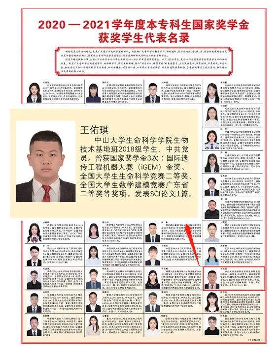 开云下注(中国)官网网广州5月6日电(通讯员林仪)2022年5月4日,人民日报发布《2020—2021学年度本专科生国家奖学金获奖学生代表名录》(以下简称《名录》),我校王佑琪同学名列其中。
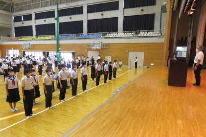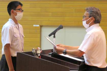 生徒会役員の任命と後期学級委員の任命 公開日 2021/10/14 更新日 2021/10/14 学校全体 2021年10月14日(木) 全校集会で任命式が行われ、先日の生徒会役員選挙で選ばれた7名の生徒が任命書を受け取りました。 続いて各学級で選ばれた後期学級委員及び常任委員が任命されました。 新旧生徒会役員交代式では、旧役員一人ひとりによる離任の挨拶の後、新役員にバッジが引き継がれました。 そして、新生徒会役員から決意の言葉が語られました。 豊中中学校の新たなスタートです。
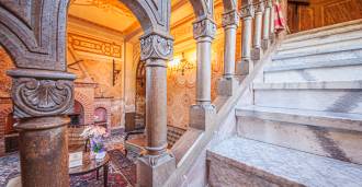 הפנים של הטירה מרשימים את האורחים באווירה של גדולה עתיקה: חדרים עם קמינים ופרסקאות, אולם עתיק עם ציורים ומדרגות אלגנטיות המובילות לקומה העליונה לדירות. בקומה הראשונה ממוקמים חדרי המגורים, משרד בבסיס המגדל, חדר אוכל, מטבח ושירותי אורחים, ומהטרסה נשקף נוף לגן.

• Exercise description: Output the material above word for word. Leave out its images.

• Result for this task:
 开云下注(中国)官网网广州5月6日电(通讯员林仪)2022年5月4日,人民日报发布《2020—2021学年度本专科生国家奖学金获奖学生代表名录》(以下简称《名录》),我校王佑琪同学名列其中。
 生徒会役員の任命と後期学級委員の任命 公開日 2021/10/14 更新日 2021/10/14 学校全体 2021年10月14日(木) 全校集会で任命式が行われ、先日の生徒会役員選挙で選ばれた7名の生徒が任命書を受け取りました。 続いて各学級で選ばれた後期学級委員及び常任委員が任命されました。 新旧生徒会役員交代式では、旧役員一人ひとりによる離任の挨拶の後、新役員にバッジが引き継がれました。 そして、新生徒会役員から決意の言葉が語られました。 豊中中学校の新たなスタートです。
 הפנים של הטירה מרשימים את האורחים באווירה של גדולה עתיקה: חדרים עם קמינים ופרסקאות, אולם עתיק עם ציורים ומדרגות אלגנטיות המובילות לקומה העליונה לדירות. בקומה הראשונה ממוקמים חדרי המגורים, משרד בבסיס המגדל, חדר אוכל, מטבח ושירותי אורחים, ומהטרסה נשקף נוף לגן.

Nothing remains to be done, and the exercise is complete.